A good example of a very long-term monopoly is the arthritis drug Enbrel, which was first approved by the FDA in 1998. Due to a slew of patent filings and lawsuits, there will be no more biosimilar competition in the US until 2029, despite there being two approved biosimilars: Erelzi in 2016 and Eticovo in 2019. Meanwhile, Enbrel has faced biosimilar competition in Europe since 2017, where patent battles are much less common.

In defending intellectual property rights, the pharmaceutical industry continues to maintain that patent reforms are not necessary. It cites the fact that more than 90% of prescriptions in the US are for generics or biosimilars.

Nevertheless, the existence of certain long-term monopolies is not in question, along with the associated potential barriers to market entry for competitors.

Mitchell expressed strong support for a package of bipartisan bills in the Senate aimed at controlling alleged abuses.

The bills before the Senate are intended to close the loopholes in the patent system. For example, S. 150, or the Affordable Prescriptions for Patient Act, cracks down on patent crops and product hopping. The legislation authorizes the Federal Trade Commission to enforce and impose restrictions on patent litigation involving prescription drugs.
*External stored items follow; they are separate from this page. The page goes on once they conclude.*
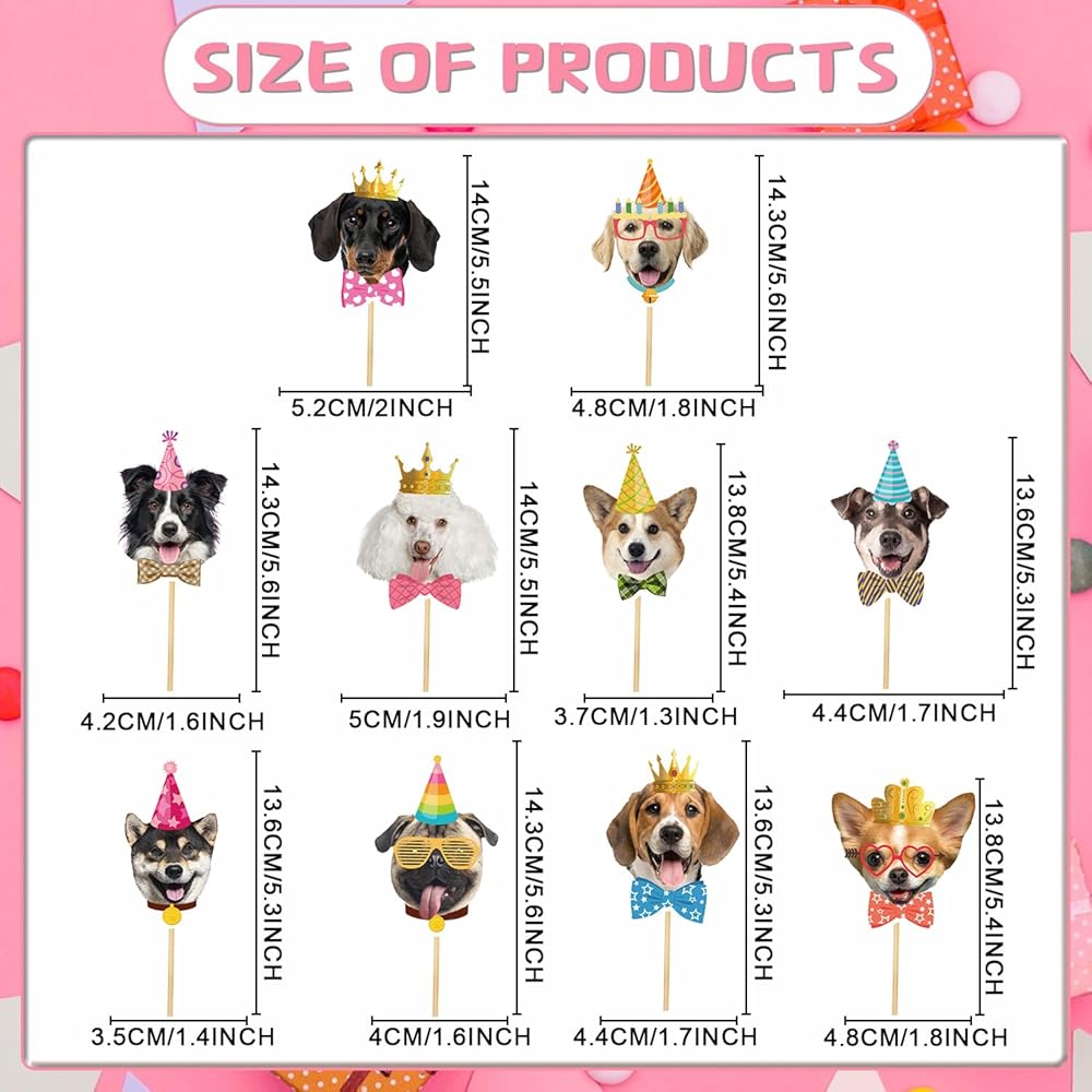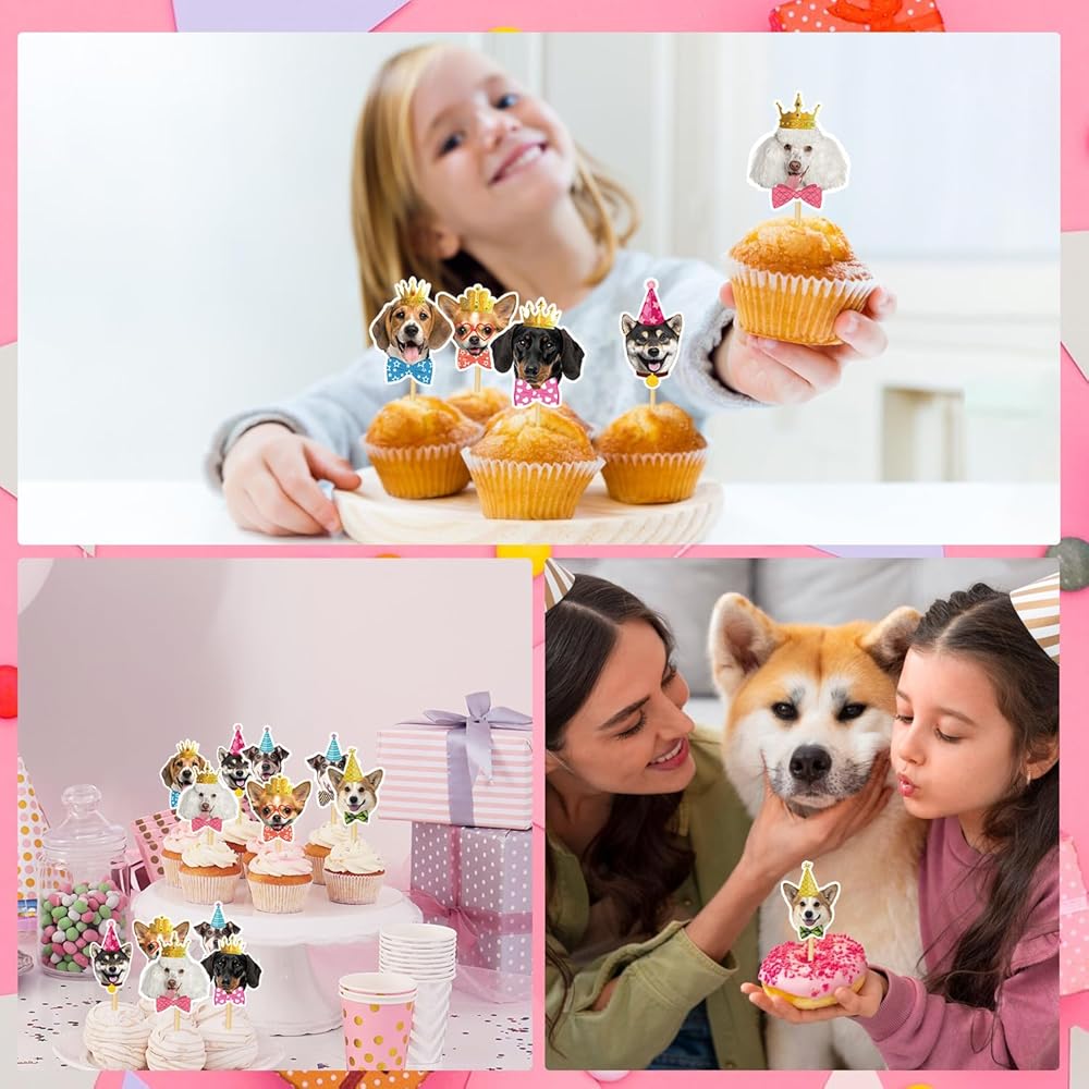 • تصميم الكلاب اللطيف: تصميم نمط الديكور كب كيك ممتع للغاية. هناك 10 وجوه مختلفة من الكلاب اللطيفة ، مقترنة بأقواس أو قبعات أعياد الميلاد أو التيجان لجعل الحفلة أكثر إثارة.
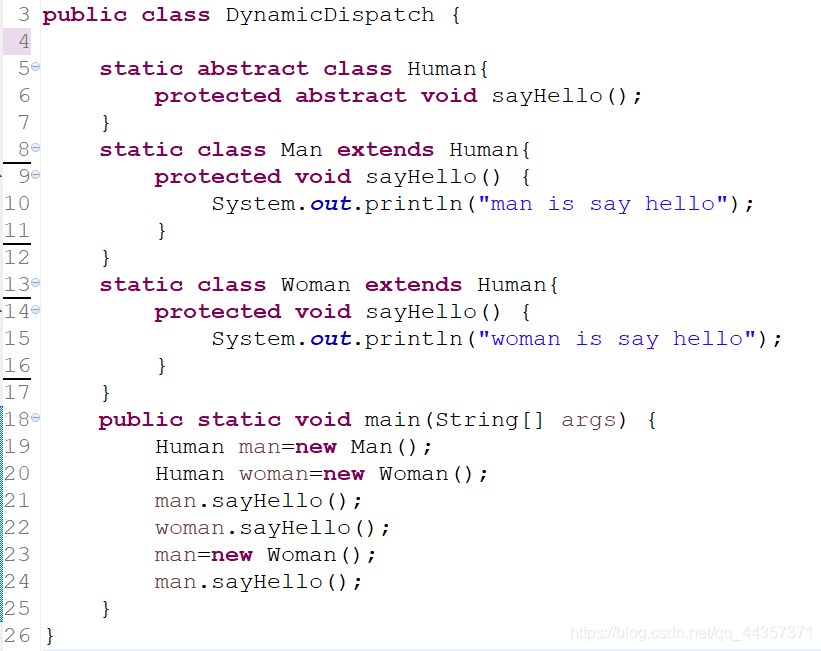 首先引入两个概念:我们把代码中的Human成为变量的静态类型,把Man、Woman称为变量的实际类型。
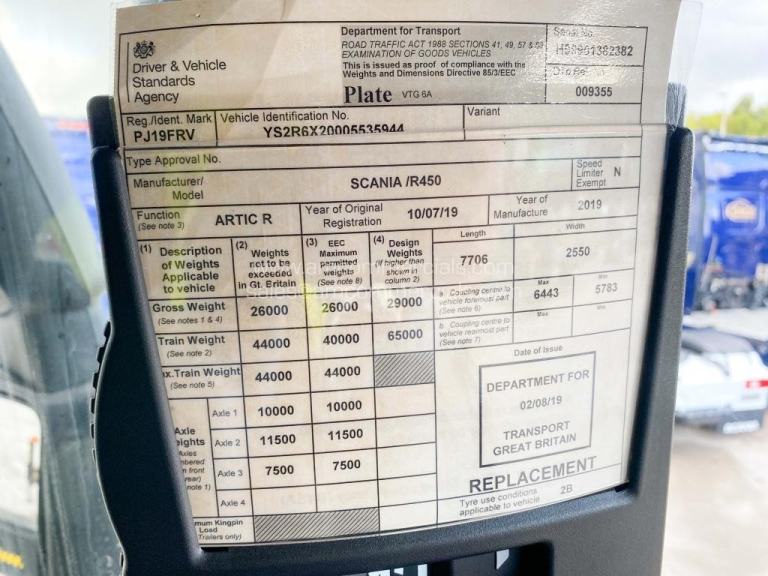 Posting for 5+ years2019 (19) SCANIA R450 CRANE-MOUNTED 6X2 TAG WITH HIAB CRANE

In this context, the bill provides that product hopping has occurred when a pharmaceutical manufacturer, after receiving notice that the FDA is processing an application to market a competing generic or biosimilar, takes certain actions, such as withdrawing it from the market of the branded drug and the selling of a drug. follow-up product.
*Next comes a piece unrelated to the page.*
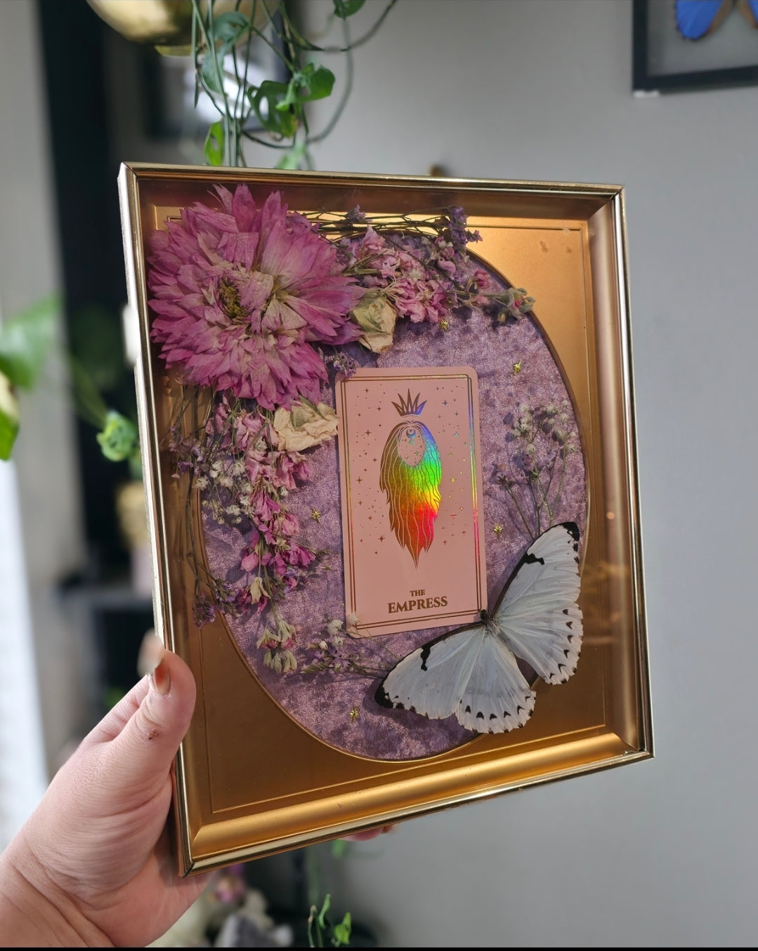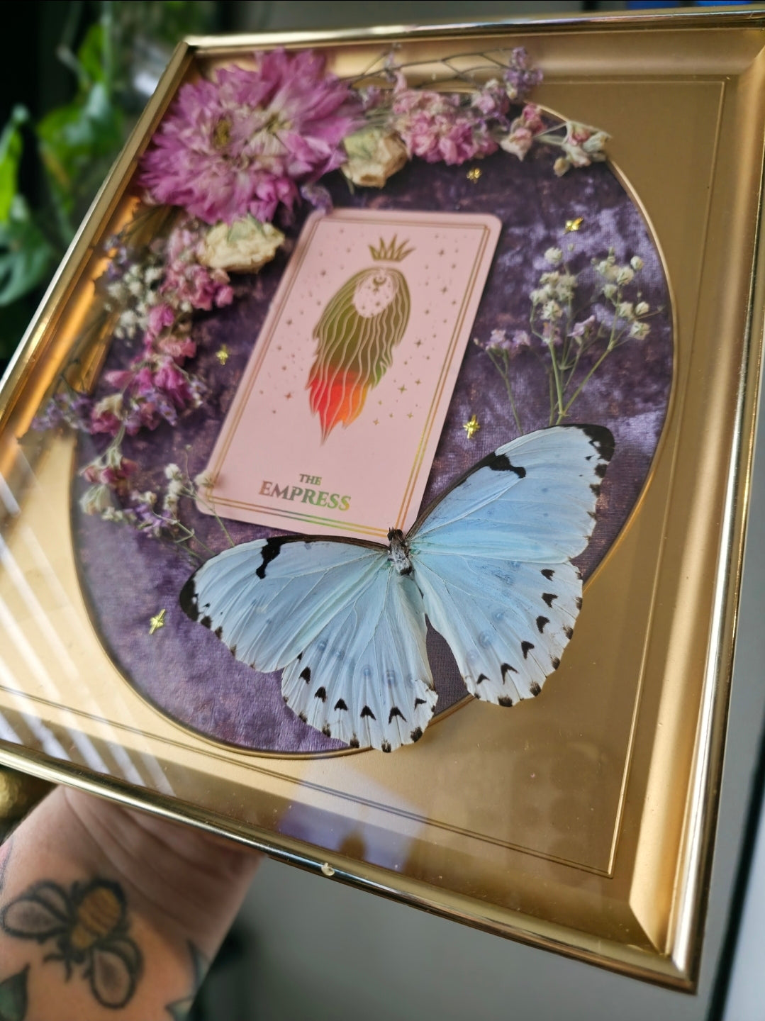 The empress card on lilac velvet, morpho catenarius surrounded by dried florals with star embellishments in vintage mcm frame

A drug manufacturer can of course rebut these presumptions by demonstrating that its conduct was not intended to restrict competition.

The S.150 law also aims to limit the number of patents that a manufacturer of original biological products can claim in a patent infringement lawsuit against a company that wants to sell a biosimilar version. But S.150 has been stuck in the Senate for more than 15 months, according to Axios.

There is also a bill that aims to do that improve information sharing between the FDA and the U.S. Patent and Trademark Office: S.79, or the Interagency Patent Coordination and Improvement Act. Here, lawmakers want the PTO to help the FDA ensure that “irrelevant patents” are never listed. Orange Book, which lists all approved drugs with therapeutic equivalence evaluations. The Orange Book contains all related patent and exclusivity information. With the introduction of S.79, lawmakers appear to want to systematize patent reform and interagency information sharing in the future. But this proposal is also in limbo, as it was also introduced more than fifteen months ago.

Parallel to what Congress is proposing, the FTC is directly challenging drugmakers on what it thinks it is incorrectly cited patents in the Orange Book, regarding twenty branded medicines, including the diabetes and slimming medication Ozempic. The FTC sent warning letters to ten drug manufacturers in late April. Companies that received such letters had until a few days ago to respond by revoking or updating their patent lists, or by declaring that they are legitimate. It has not been publicly announced whether or how the companies decided to respond.

In short, as bipartisan efforts to legislate or otherwise effect pharmaceutical patent reform continue to intensify, it is not yet clear if or when material changes will be implemented.